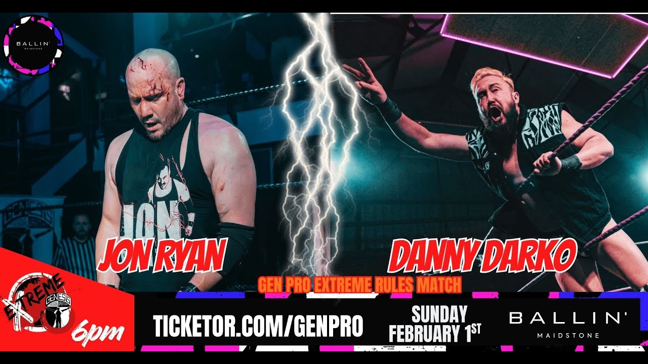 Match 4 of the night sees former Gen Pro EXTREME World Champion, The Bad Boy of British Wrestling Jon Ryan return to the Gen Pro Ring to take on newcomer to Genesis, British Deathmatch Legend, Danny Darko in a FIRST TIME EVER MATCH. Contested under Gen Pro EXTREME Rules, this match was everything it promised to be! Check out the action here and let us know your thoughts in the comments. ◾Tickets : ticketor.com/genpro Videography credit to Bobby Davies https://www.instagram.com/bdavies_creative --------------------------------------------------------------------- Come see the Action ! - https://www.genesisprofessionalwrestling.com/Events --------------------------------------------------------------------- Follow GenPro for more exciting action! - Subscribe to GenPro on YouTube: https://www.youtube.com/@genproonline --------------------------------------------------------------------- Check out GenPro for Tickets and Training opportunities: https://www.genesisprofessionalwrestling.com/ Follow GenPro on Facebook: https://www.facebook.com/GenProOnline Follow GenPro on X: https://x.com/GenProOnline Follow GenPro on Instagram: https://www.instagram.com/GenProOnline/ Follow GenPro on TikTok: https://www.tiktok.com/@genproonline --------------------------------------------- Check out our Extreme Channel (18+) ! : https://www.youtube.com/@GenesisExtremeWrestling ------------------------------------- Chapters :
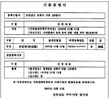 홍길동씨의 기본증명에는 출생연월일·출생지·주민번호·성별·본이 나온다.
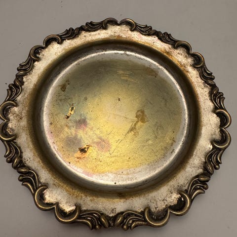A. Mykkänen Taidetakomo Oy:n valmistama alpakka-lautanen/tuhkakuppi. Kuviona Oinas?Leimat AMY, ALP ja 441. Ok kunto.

==============================

Task goal |
Leave the pictures out and transcribe the remaining material exactly.

Expected answer |
 Match 4 of the night sees former Gen Pro EXTREME World Champion, The Bad Boy of British Wrestling Jon Ryan return to the Gen Pro Ring to take on newcomer to Genesis, British Deathmatch Legend, Danny Darko in a FIRST TIME EVER MATCH. Contested under Gen Pro EXTREME Rules, this match was everything it promised to be! Check out the action here and let us know your thoughts in the comments. ◾Tickets : ticketor.com/genpro Videography credit to Bobby Davies https://www.instagram.com/bdavies_creative --------------------------------------------------------------------- Come see the Action ! - https://www.genesisprofessionalwrestling.com/Events --------------------------------------------------------------------- Follow GenPro for more exciting action! - Subscribe to GenPro on YouTube: https://www.youtube.com/@genproonline --------------------------------------------------------------------- Check out GenPro for Tickets and Training opportunities: https://www.genesisprofessionalwrestling.com/ Follow GenPro on Facebook: https://www.facebook.com/GenProOnline Follow GenPro on X: https://x.com/GenProOnline Follow GenPro on Instagram: https://www.instagram.com/GenProOnline/ Follow GenPro on TikTok: https://www.tiktok.com/@genproonline --------------------------------------------- Check out our Extreme Channel (18+) ! : https://www.youtube.com/@GenesisExtremeWrestling ------------------------------------- Chapters :
 홍길동씨의 기본증명에는 출생연월일·출생지·주민번호·성별·본이 나온다.
A. Mykkänen Taidetakomo Oy:n valmistama alpakka-lautanen/tuhkakuppi. Kuviona Oinas?Leimat AMY, ALP ja 441. Ok kunto.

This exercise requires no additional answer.